> _Data provided_:
++++++++++++++++++++

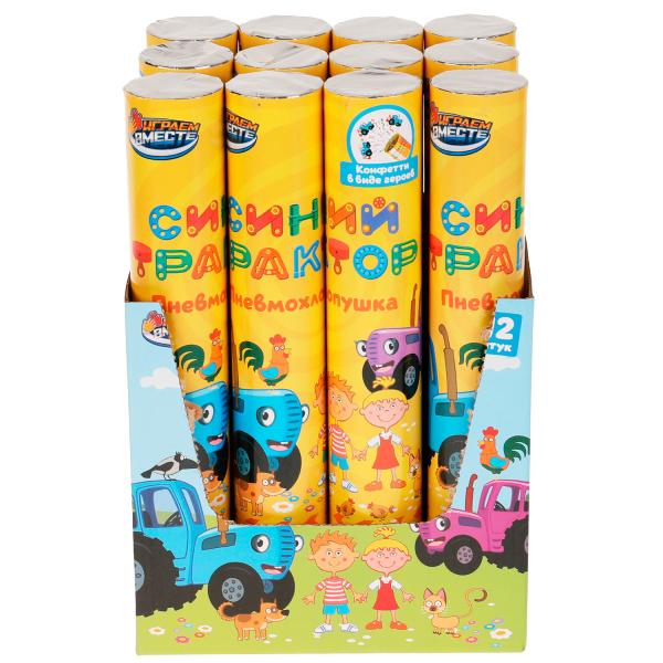 Пневмохлопушка с конфетти в виде героев СИНИЙ ТРАКТОР 30см. ИГРАЕМ ВМЕСТЕ уп-12шт в кор.6уп
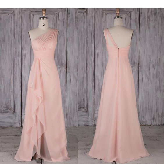 One-shoulder Bridesmaid Dresses, Wedding Guest Dresses for Fall, Pink Maid of Honor Dresses
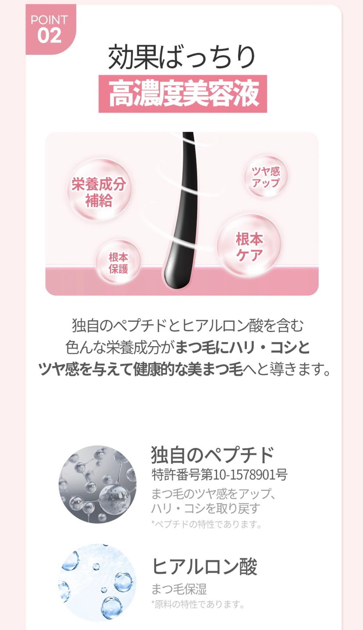 | サラサラの美容液じゃなくて少しとろみがついているからしっかりまつ毛に塗れるのも良い! | 詳細を見る | ||

++++++++++++++++++++

> _Work instructions_: Print exactly, and only, the lines from the line containing "One-shoulder Bridesmaid Dresses, Wedding" to the last line of the material above, with every picture left out.

> _Exercise output_:
 One-shoulder Bridesmaid Dresses, Wedding Guest Dresses for Fall, Pink Maid of Honor Dresses
 | サラサラの美容液じゃなくて少しとろみがついているからしっかりまつ毛に塗れるのも良い! | 詳細を見る | ||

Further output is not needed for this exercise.